Pipeline for Asynchronous Task Scheduling in Python via Flask-RESTPlus (API) + Redis + Celery + MongoDB

📖 Table of contents

Simple Pipeline for Asynchronous Task Scheduling

💡 TL;DR: What is this at all?

Together with advancements in computing capacity and increasing trends in working on large-scale datasets, in some projects, we might need to execute time-consuming and/or heavy functions upon the plenty of requests coming from the client side.

So, we shall run them in the background while still getting new requests from the client and finally, we should get back the result later once the process is done.

Hence, here, asynchronous (async) task scheduling via microservices provides a good offer to handle our issue!

🧪 What are async tasks and microservices?

Microservices

During designing a software pipeline, Microservices Architecture, where the applications, modules/functions work independently, has shown up for the last decade.

Image source: https://dev.to/alex_barashkov/microservices-vs-monolith-architecture-4l1m.

In a microservices architecture, in contrast to monolithic architecture, the functional parts of your whole work are split into smaller units. Those smaller units are dedicated to working on specific tasks and they do their job well!

While working they do not know what the others perform however they have a common port/way of communication where they are able to talk to each other.

For more about the microservices, you might check this blog post: https://medium.com/sciant/microservices-for-dummies-e55e428a5eef.

Here is one real-world examples of microservice architecture:

In this F1 pit spot, the fastest one which only takes few seconds, every single person works in a single task and does the best for that task!

Asynchronous (async) Programming

Let's get started with the synchronous one. In this case, the tasks, or the jobs are performed once at a time. So, to be able to work on the 2nd (following) task, first of all, the 1st (previous) task has to be completed. So, you have to wait for a task to complete to go for the next one.

By contrast, in async programming, the pipeline can go with any process without waiting for the completion of the previous task if they are independent of each other. Hence, you might catch several requests at a time simultaneously.
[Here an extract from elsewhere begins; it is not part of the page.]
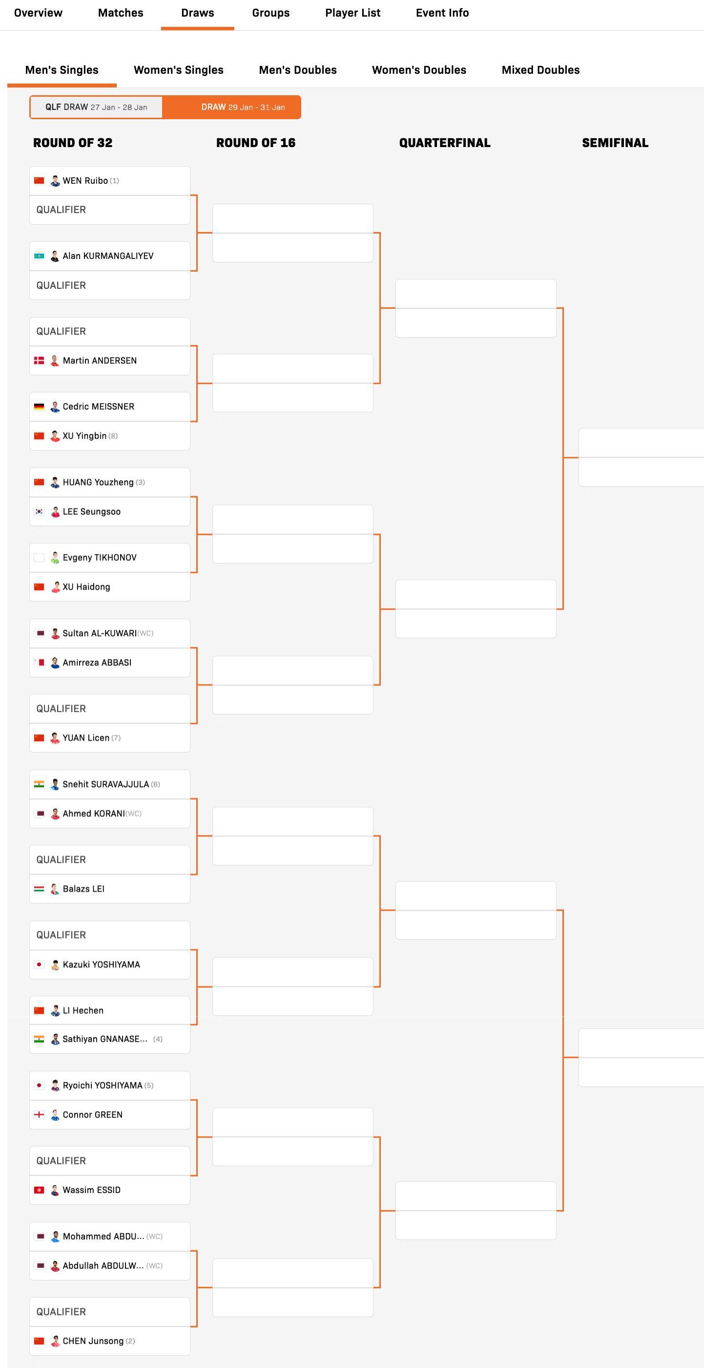 WTT支线赛多哈站丨男单正赛签表【1/8区】温瑞博🇨🇳vsQ、阿兰·库尔曼加利耶夫🇰🇿vsQ【2/8区】Qvs马丁·安德森🇩🇰、塞德里克·迈斯纳🇩🇪VS徐瑛彬🇨🇳【3/8区】黄友政🇨🇳VS李承洙🇰🇷、叶夫根尼·季霍诺夫(AIN)VS徐海东🇨🇳【4/8区】苏丹·库瓦里🇶🇦VS阿米尔雷扎·阿巴斯🇲🇹、Qvs袁励岑🇨🇳【5/8区】斯内希特·苏拉瓦朱拉🇮🇳VS艾哈迈德·科拉尼🇶🇦、Qvs巴拉兹·雷🇭🇺【6/8区】Q'vs吉山和希🇯🇵、李和宸🇨🇳VS沙提安·加纳纳塞卡兰🇮🇳【7/8区】吉山僚一🇯🇵VS康纳·格林🏴、Qvs瓦西姆·埃希德🇹🇳【8/8区】穆罕默德·阿卜杜勒瓦哈卜🇶🇦VS阿卜杜拉·阿卜杜勒瓦哈卜🇶🇦、Qvs陈俊菘🇨🇳

Image resource: https://www.baeldung.com/cs/async-vs-multi-threading.

💭 Use cases (aka. Real-life examples)

Maybe you might be asking why we need this or what are the real-life examples? So, currently, several processes are going through in async way even we do not realize.

Here are some real-life examples:

If you have more (and/or clearer) examples, please just reach out to me.

Use case #1 | Ordering a burger | Literally real-life 😊

Assume that you are starving and looking forward to eating a burger!

In this scenario, every customer is getting reference number after their ordering. While the order is on its own way, the customers can just relax and control the dashboard for the status of their orders while the crew are working on other orders.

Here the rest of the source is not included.